Identifiers
- Symbol: Glyco_hydro_44
- Pfam: PF12891
- Pfam clan: CL0058
- CAZy: GH44

Available protein structures:
- PDB: PF12891 (ECOD; PDBsum)
- AlphaFold: PF12891;

= Glycoside hydrolase family 44 =

In molecular biology, glycoside hydrolase family 44 is a family of glycoside hydrolases.

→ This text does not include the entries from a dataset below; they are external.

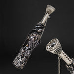 The canopy, illustrated with a dazzling jewels print, captures the eye with its vibrant colors and intricate designs, mimicking the splendor of precious gemstones. This striking visual motif is more than just an artistic expression; it symbolizes luxury and elegance, making this umbrella a perfect complement to any ensemble, adding a touch of glamour to even the dreariest days.
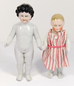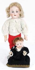 Porzellankopf-Puppe, gem. 5700, graue fest eingesetzte Glasaugen, off. Mund, Zähne oben, Mohairperücke, auf Masse-Gliederkörper, Unterarme überstrichen, Finger stärker beschädigt, 35 cm, dazu kl. Porzellan-Babypuppe, gem. Germany 23, blaue Schlafaugen, off. Mund, Zähne, Echthaarperücke, auf Masse-Sitzbabykörper, 23 cm
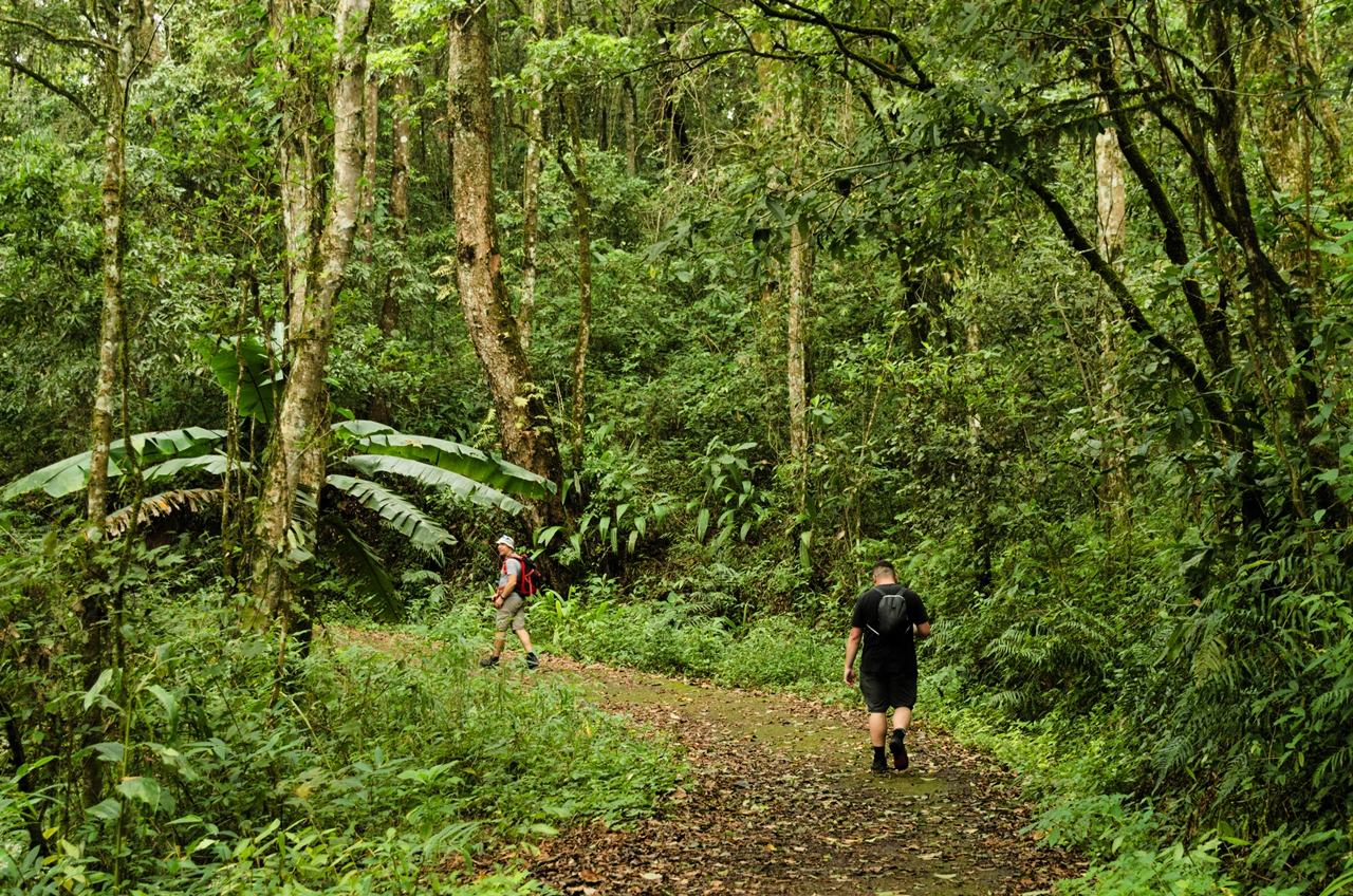 Trzeba przyznać, że trekking po dżungli to świetne przeżycie, zupełnie inne dźwięki, zupełnie inny zapach, zupełnie inny klimat niż nasze polskie lasy. Choć też nie ma co ukrywać, że samo Doi Pui to nie jest jakiś wybitny szczyt. Wznosi się on na wysokość 1600m npm no i jest w lesie. Ale że akurat cała nasza trójka lubi góry, to stwierdziliśmy, że czemu nie. Schodząc z góry znaleźliśmy właściwy szlak, mijając przy tym po drodze ruiny świątyni. No i cóż, tutaj polskie szlaki wypadają dużo lepiej, zarówno pod względem utrzymania jak i oznaczeń.

Glycoside hydrolases are a widespread group of enzymes that hydrolyse the glycosidic bond between two or more carbohydrates, or between a carbohydrate and a non-carbohydrate moiety. A classification system for glycoside hydrolases, based on sequence similarity, has led to the definition of >100 different families. This classification is available on the CAZy web site, and also discussed at CAZypedia, an online encyclopedia of carbohydrate active enzymes.

Glycoside hydrolase family 44 CAZY GH_44, formerly known as cellulase family J, includes enzymes with endoglucanase and xyloglucanase activities. The overall structure of enzymes in this family consists of a TIM-like barrel domain, a beta-sandwich domain and an active site with two glutamic acid residues, all of which are conserved between the endoglucanases and xyloglucanases in the family, with only minor differences.